Jacobson, however, faults Obama for not leaving open the possibility that Gates overreacted, which led to his arrest. Jacobson contends that most people would not yell at police, and that Gates sealed his own fate by not following this general pattern. First, the official statement from the city and police department counters Jacobson's effort to place blame with Gates. Furthermore, although Jacobson's description of how people react to cops is probably accurate, I take issue with the implication that cops should be able to make arrests or act out of racial biases (or both) without passionate verbal protests.

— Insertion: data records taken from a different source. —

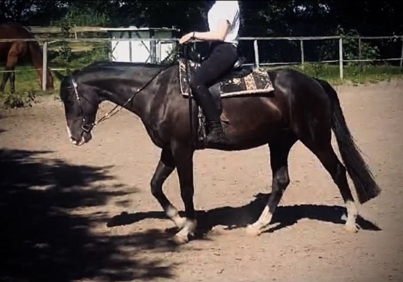Zum Verkauf steht aufgrund persönlicher Umstände, ein beeindruckender unverbrauchter Westfalen Wallach, geboren am 03.05.2014 - Angeritten im Spätsommer 2018 (+ 3/4Jahr Weide). Dieser prachtvolle Rappe besticht Optisch klar durch seine elegante Erscheinung und seine beeindruckenden Gänge. (Ein !Stallgebundenes! zur Verfügung stellen gegen Kostenübernahme wäre eventuell auch denkbar.) Er ist ein talentierter Dressurspezialist und mit seiner beeindruckenden Präsenz und seinem ausgezeichneten Bewegungsablauf, ist er der perfekte Partner für ambitionierte Dressurreiter mit genügend Potential um im ganz großen Viereck, genau wie seine Vorväter glänzen zu können. Auch im Parcours macht er eine super Figur und nimmt einen butterweich mit auf die andere Seite. Gesprungen wurde er erstmalig in seinem 8. Lebensjahr. Wodurch seine Beine, um es mit den Worten des Tierarztes, welcher kürzlich seine AKU durchführte zu sagen, super in Schuss, mit keinerlei Auffälligkeiten oder Schäden dasteht. Dem Tierarzt fehlten die Worte nach dem er die Beine in Form von Beugeproben getriggert hat, sich nichts am Gangwerk verändert hat. Er war begeistert von der Gesundheit dieses Pferdes. Beim Freispringen springt er ganz entspannt die Obergrenze eines M** Parcours von 1,40/45 m. Auch dort ist aber noch Potential für einiges mehr. Unterm Reiter wurde er aufgrund persönlicher Umstände bisher nur vereinzelte L- M*Sprünge, bzw. Mini Parcoure gesprungen, was er aber auch sehr gut gemeistert hat. Sein Charakter ist ebenso bemerkenswert wie sein Aussehen. Er ist ein absoluter Gentleman, sehr schmusig, immer bereit, sein Bestes zu geben und seine Reiter zu beeindrucken. (Mit einem sicherheitvermitelndem Reiter der weis was er tut und tun möchte, ist er wahrlich ein überaus zuverlässiger Partner in allen Spaten und Klassen der Reiterei.) Dieser Wallach ist nicht nur ein talentiertes Dressurpferd, sondern auch ein treuer Freund. Er liebt es Zeit mit Menschen zu verbringen und bald hoffentlich auch zu einem festen Bestandteil Ihrer Familie werden zu dürfen. Wenn Sie auf der Suche nach einem Pferd sind, mit dem sie weit kommen können, das Sie in der Dressur auf das nächste Level bringen, mit dem sie sanft über Hindernisse fliegen und entspannt im Gelände die Seele baumeln lassen können und gemeinsam „Alt“ werden möchten, dann ist dieser Herzensbrecher genau das Richtige für Sie. Mit seinen 1.66m Stockmaß deckt er, trotz seiner schönen sportlichen Figur, auch größer gewachsene Reiter (Ich als Reiterin auf den Bildern bin 1.83m groß ) selbst im Dressursattel bei längeren Bügeln sehr gut ab. Ein gewichtsträger ist er aber natürlich dennoch nicht. Auch wenn er vereinzelt durch sein kompaktes Gebäude sicher ab und an mehr tragen könnte. Dies würde ich mir für ihn jedoch nicht wünschen. Bitte zögern Sie nicht, uns für weitere Informationen zu kontaktieren. Wir freuen uns wenn wir sie und diesen außergewöhnlichen Wallach zusammenbringen können. Er hat nur das aller beste verdient und nichts geringeres kommt für uns, bzw. ihn in frage. Hinweis: Besichtigungen und Proberitte sind nur nach vorheriger Terminabsprache möglich. Zum Wohle des Tieres und um Reittourismuss zu verhindern, erheben wir fürs probereiten/ vorreiten lassen eine angemessene Gebühr, welche bei Kauf natürlich angerechnet wird. Wir freuen uns auf eure Zuschriften und ein hoffentlich auf ihn zugeschnittenes neues Frau-/Herrchen mit einem hoffentlich tollem für immer Zuhause. Mit freundlichen Grüßen, Eileen & S.C.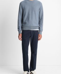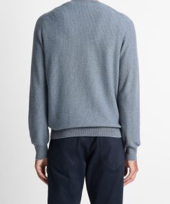 Vince Men’s Geo-jacquard Wool-blend Crew Neck Sweater | Parlor Blue & Medium Heather Grey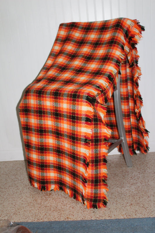 Unbranded Acrylic Cotton Blend Blanket Bedspread - Orange Yellow Black Plaid - 76" X 74"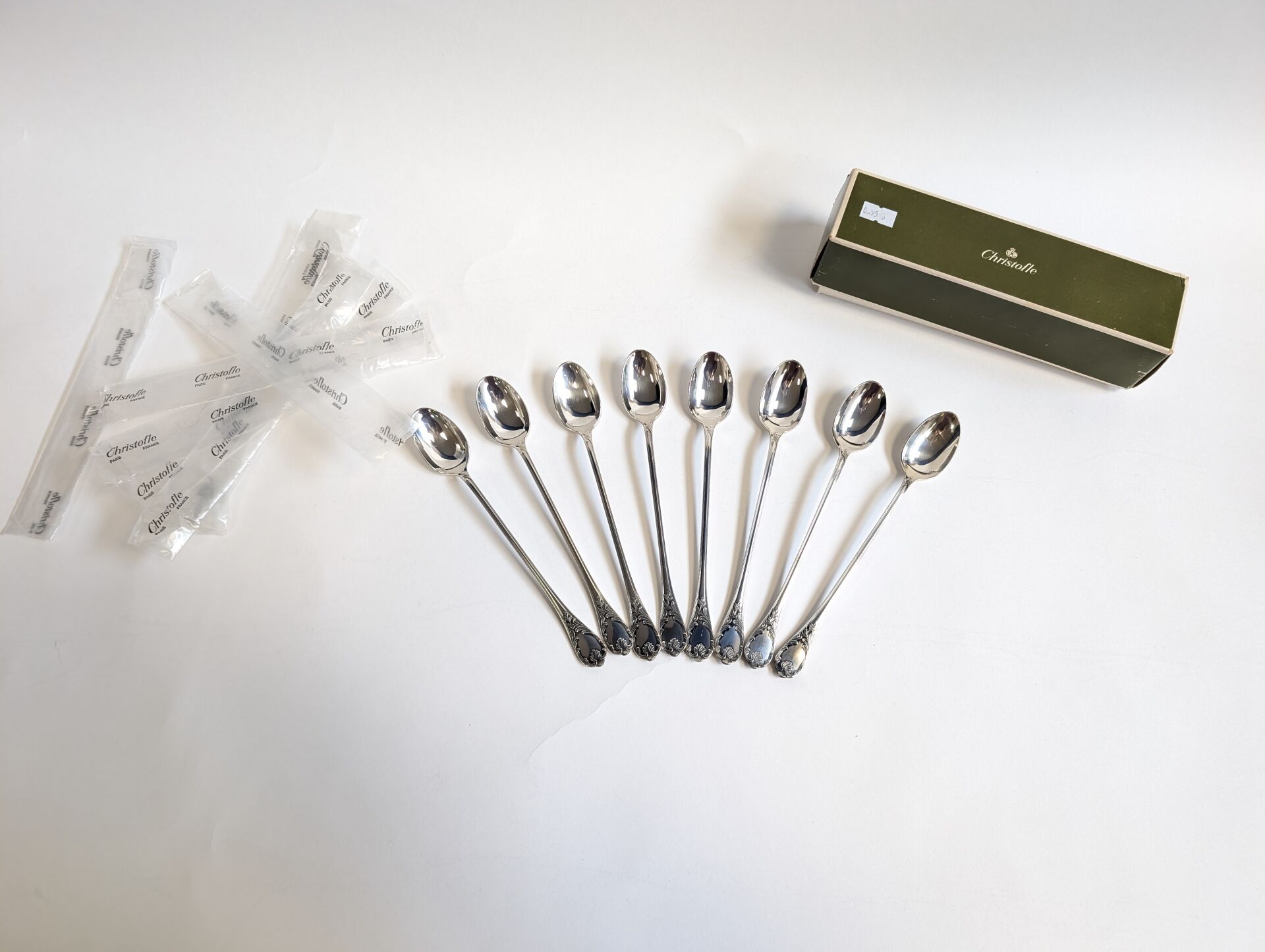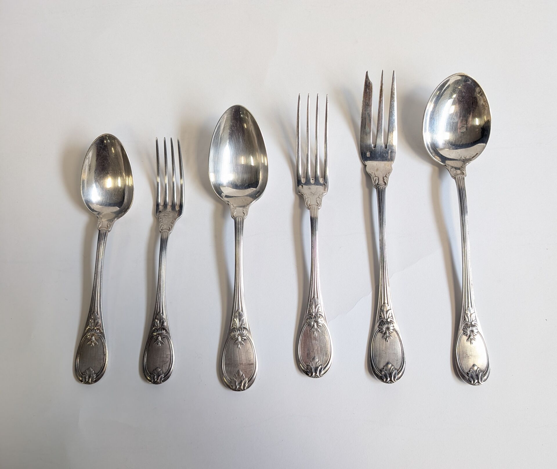 Christofle. Partie de ménagère en métal argenté de 50 pièces modèle "Trianon" comprenant 12 fourchettes, 12 cuillères, 12 fourchettes à dessert, 12 cuillères à dessert et deux couverts à service. On y joint six cuillères à mazagran.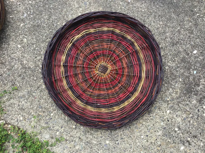 The tray is woven with natural coloured willows and a variety of dyed willows. Trays can be woven in many colour combinations , let me know what you prefer.

Police officers frequently arrest people who "take issue" with the officers' behavior and after the individuals demand identification, badge numbers, etc. Gates stated that he was only arrested after he demanded such information and criticized the officers. Verbal protests and requests for information, however, should not justify an arrest. The First Amendment gives people a right to question police. It also allows people to protest racism. Furthermore, the laws in many jurisdictions actually require police to disclose their badge numbers and names to individuals subject to an interrogation or arrest. When people ask for this information or simply "bad mouth" cops, this does not constitute disorderly conduct. Law enforcement officers are not above the law or criticism.
While some people might escape arrest if they remain silent in the wake of police misconduct, the law does not mandate this approach. Anger is a very natural response to racism, perceived and otherwise. And while whites have probably been arrested for protesting police conduct, I doubt that many whites have been suspected of burglarizing their own homes. This point, however, is noticeably absent in many of the critiques of Obama's statements. Being a suspect at home is aggravating enough. Being a suspect at home due to racism is infuriating. Being arrested for "disorderly conduct" after becoming infuriated and expressing this anger does not remove race from the equation. Instead, an arrest under these circumstances actually centralizes the subject of race.